Annual agricultural show in Melbourne, Australia

The Melbourne Royal Show (known until 2022 as the Royal Melbourne Show) is an agricultural show held at Melbourne Showgrounds every September. It is organised by Melbourne Royal (formally the Royal Agricultural Society of Victoria) and has been running since 1848.
Each year Melbourne Royal Show attracts attendances of up to half a million people.

== About ==
The traditional purpose is the display of rural industry, including livestock and produce with its associated competitions and awards however the show also features amusement rides and a sideshow alley, as well as the Australian tradition of 'Showbags', carry bags containing samples of products produced by various commercial enterprises.

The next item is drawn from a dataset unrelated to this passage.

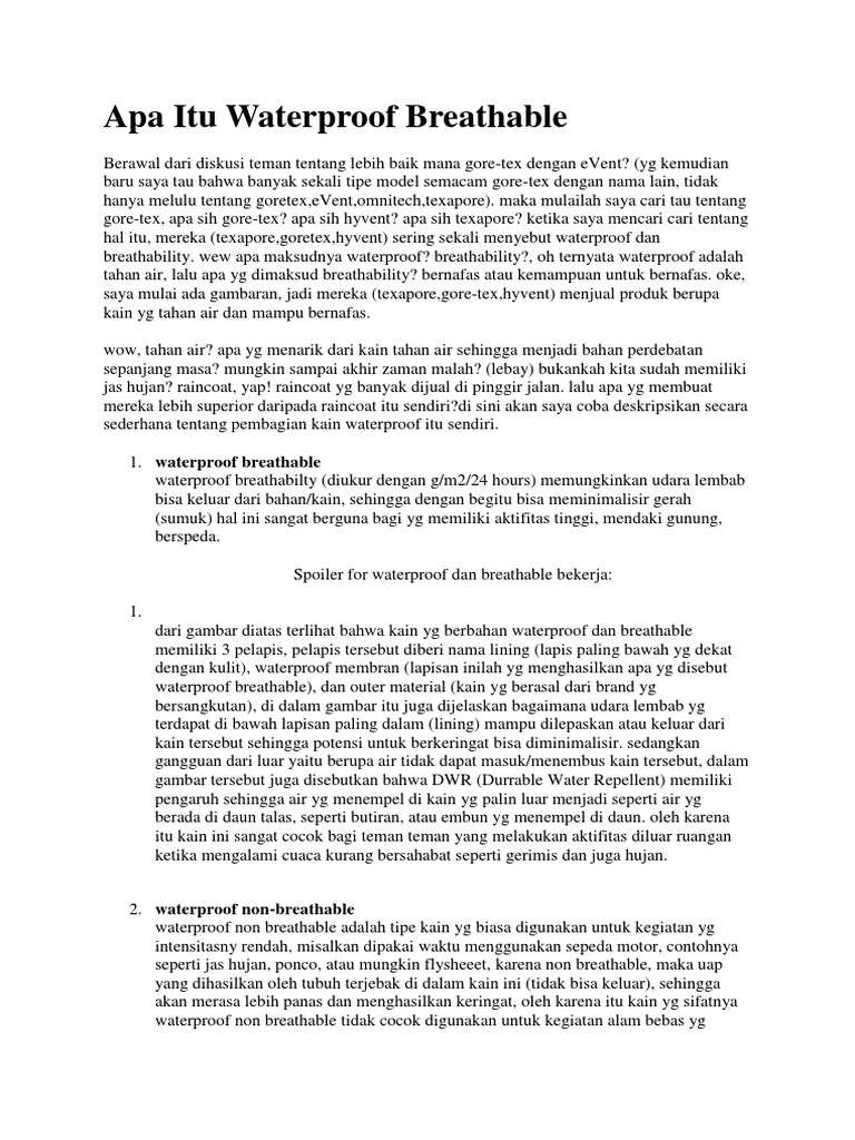 Apa Itu Waterproof Breathable - Sedangkan, gizi yang bermanfaat bagi tubuh seperti yang mengandung makanan bergizi itu tidak perlu dan tidak selalu mahal, tapi harus sehat dan bergizi yang juga mengandung berbagai zat yang bermanfaat bagi.
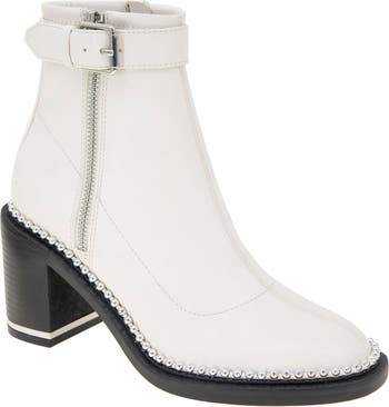 A buckle strap and ball studs at the welt lend moto edge to this block-heel bootie built for comfort with memory-foam cushioning and a breathable lining.

A prominent feature during showtime are the many rides including a permanent wooden Mad Mouse roller coaster which resided at the grounds until 2001, owned by Wittingslow Amusements. A permanent chairlift also resided onsite until 2005. The site has its own railway station, used during special events located on the Flemington Racecourse line. The Thursday of the show was once observed as the Show Day public holiday in Melbourne; this holiday was abandoned in 1994.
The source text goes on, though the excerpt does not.